Seasons Recipes

Eggplant Spread with Dill Infused Olive Oil

Eggplant Spread with Dill Infused Olive Oil
Serves 4 | Yields: 2 cups | Prep Time: 30 minutes

Known for their smooth, glossy skin and vivid colors, eggplants are excellent source of potassium and fiber. They possess many nutritional benefits – especially when bought at your local produce stand. Eggplants are naturally low in calories, fat free in addition to an excellent source of dietary fiber, iron and protein.

Happy Roasting!!!

Ingredients:
2 medium eggplants (local is better)
3 tablespoons Seasons Dill Fused Extra Olive Oil
1 teaspoon of Seasons fleur de sel
2 tablespoons tahini (sesame seed paste), well-stirred if from new container
1 garlic clove, peeled and minced or pressed
Juice of 1 lemon, (more to taste, if desired)
1 tsp Seasons Aglio e Pepe seasoning
Pinch or two of ground cumin
1/2 tablespoon fresh chopped dill
1/2 teaspoon of Seasons Za’atar seasoning for garnish (optional)

Preparation:
Heat oven to 375°F. Brush eggplants with 1 tablespoon Dill Infused olive oil. Prick eggplants a few times with a fork or tip of a knife. Place eggplant on baking sheet and roast for 30 to 35 minutes, until very tender when pressed.

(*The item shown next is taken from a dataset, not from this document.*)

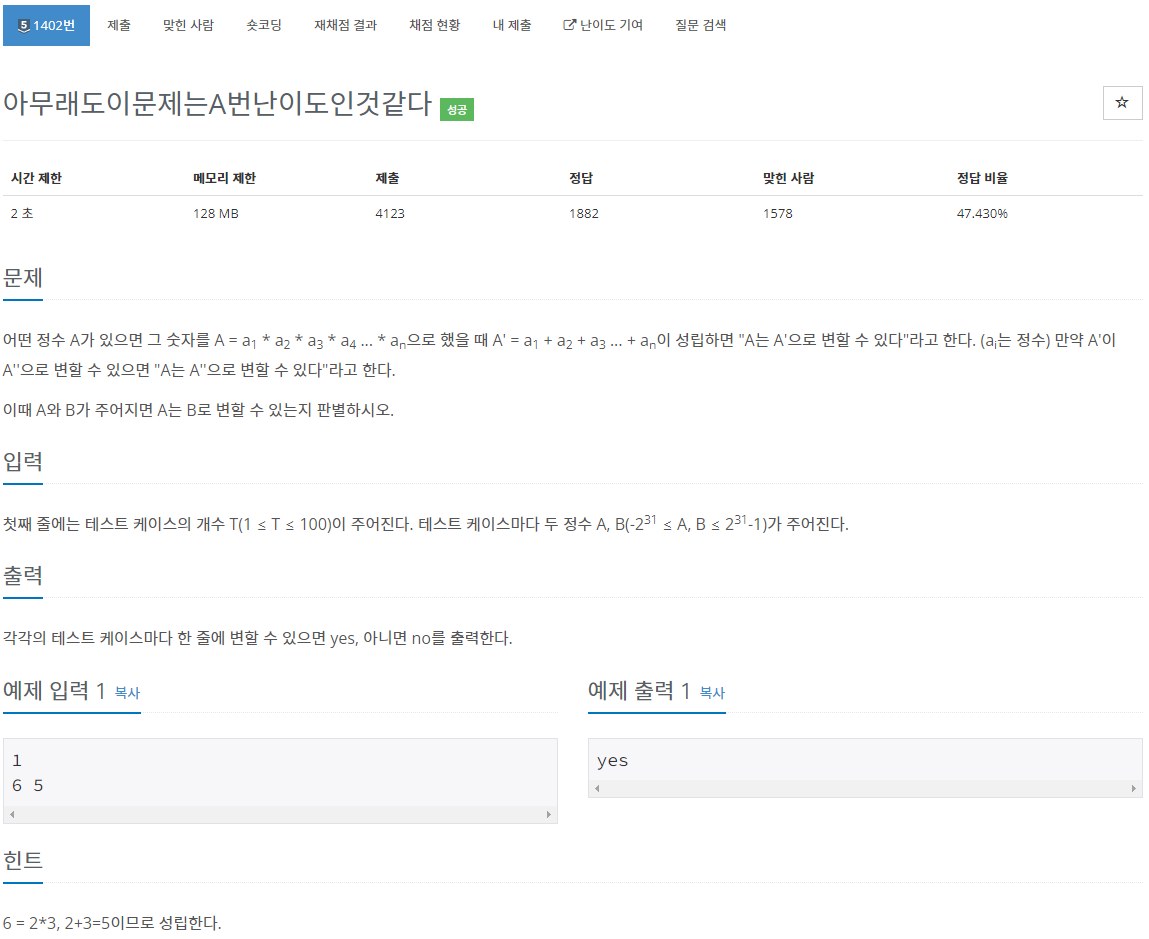 소인수분해도 해주고, 범위가 2^31이니깐 소수(prime number)는 따로 찾아서 계산해줘야 시간초과 안나게 생긴 문제이다. 처음엔 이렇게 생각했는데, 내가 이 문제에서 힌트를 얻은 부분은, A와 B가 음수도 가능했다는 점이다. 약수의 경우 'Divisors can be negative as well as positive, although sometimes the term is restricted to positive divisors. For example, there are six divisors of 4; they are 1, 2, 4, −1, −2, and −4, but only the positive ones (1, 2, and 4) would usually be mentioned.'으로 일반적으로 약수라고 하면 양의 정수로 생각하지만, 음의 정수도 당연히 약수로 가능하다. 보통 양수만 쓸 뿐이다. 하지만 어찌됬든, 알고리즘 문제에서 음수 약수를 요구하는 경우는 거의 없다(1400문제정도 풀었지만 음수인 약수를 구하는 경우는 한번도 없었음.). 그래서 다른 방식으로 생각해봤고, 결과적으로 A와 B를 볼 필요도 없이 모두 yes를 출력해주면 된다.

Let cool to room temperature.

In a blender or food processor: Scrape eggplant flesh from skin and into the work bowl. Discard all Eggplant skin. Add tahini, salt, garlic, lemon juice, aglio e pepe seasoning, 1 tablespoon of Seasons Dill Fused Extra Virgin olive oil and cumin. Blend in short bursts (pulses) until combined but still coarsely chopped.

Serving:
Spoon into a bowl and drizzle with remaining tablespoons of Seasons dill fused olive oil. Scatter with 1/2 tablespoon of fresh dill, Seasons za’atar, if desired. Serve with fresh pita bread.